D’autres études ont montré que la cinétique d’action de la ghréline néonatale (une hormone sécrétée par l’estomac) est également cruciale pour la mise en place des circuits neuronaux du noyau arqué. Les taux de ghréline circulants augmentent graduellement lors de la vie néonatale pour atteindre un niveau comparable aux taux observés chez l’animal adulte dès P14 (15). La neutralisation de la ghréline spécifiquement lors de la vie néonatale altère la régulation du métabolisme à long terme avec l’induction d’un surpoids, d’une augmentation de l’adiposité, d’une hyperglycémie, et d’une hyperphagie (15). Les souriceaux injectés avec l’anti-ghréline présentent également une augmentation anormale de la densité des fibres du noyau arqué vers le noyau paraventriculaire (15). Tout comme la leptine, la capacité de la ghréline à moduler la mise en place des circuits neuronaux hypothalamiques est limitée à la période post-natale précoce puisque l’injection chronique d’anti-ghréline à l’âge adulte n’a pas d’effet sur l’architecture des circuits mélanocortinergiques.

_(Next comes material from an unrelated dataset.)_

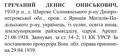 Реабілітований: Вінницькою облпрокуратурою 29.04.1939 Реабілітовані історією
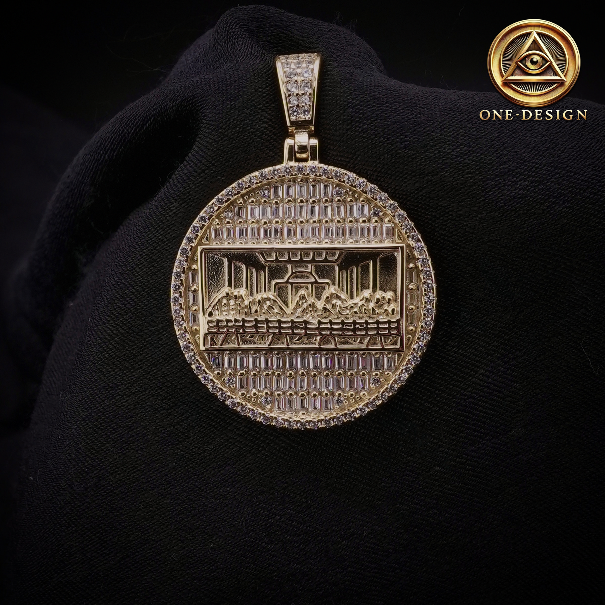 "Esta hermosa santa cena está hecha en plata 925 con baño de oro 14k, incluye una cadena de 1.5mm Las piedras estilo baguette le dan un brillo único para una apariencia elegante y sofisticada. Perfecta para llevar contigo la fe en todo momento."

Comme évoqué précédemment, des études épidémiologiques et expérimentales ont associé l’obésité
maternelle à un risque augmenté de dysfonctionnements métaboliques chez la descendance. De façon intéressante, le pic de sécrétion de leptine mesuré dans le plasma des rongeurs nouveau-nés dépend du statut métabolique de la mère. L’obésité ou le diabète maternel induit une augmentation du pic de leptine (16, 17), tandis que la malnutrition pendant la gestation et/ou la vie post-natale induit une diminution voire à une absence du pic néonatal de leptine (18, 19). De plus une obésité, un diabète, ou une malnutrition maternelle semble diminuer la sensibilité à la leptine des neurones du noyau arqué des animaux nouveaux-nés (16, 17, 19). Ces modifications nutritionnelles de la leptinémie et de la sensibilité à la leptine pendant la période néonatale altèrent la mise en place des projections axonales du système à mélanocortine de l’hypothalamus (16-19).
L’ensemble de ces travaux met en exergue l’importance d’un environnement hormonal périnatal adéquat, qui dépend de l’état nutritionnel et métabolique de la mère, pour un développement et une fonction harmonieuse des réseaux neuronaux impliqués dans la régulation de la balance énergétique.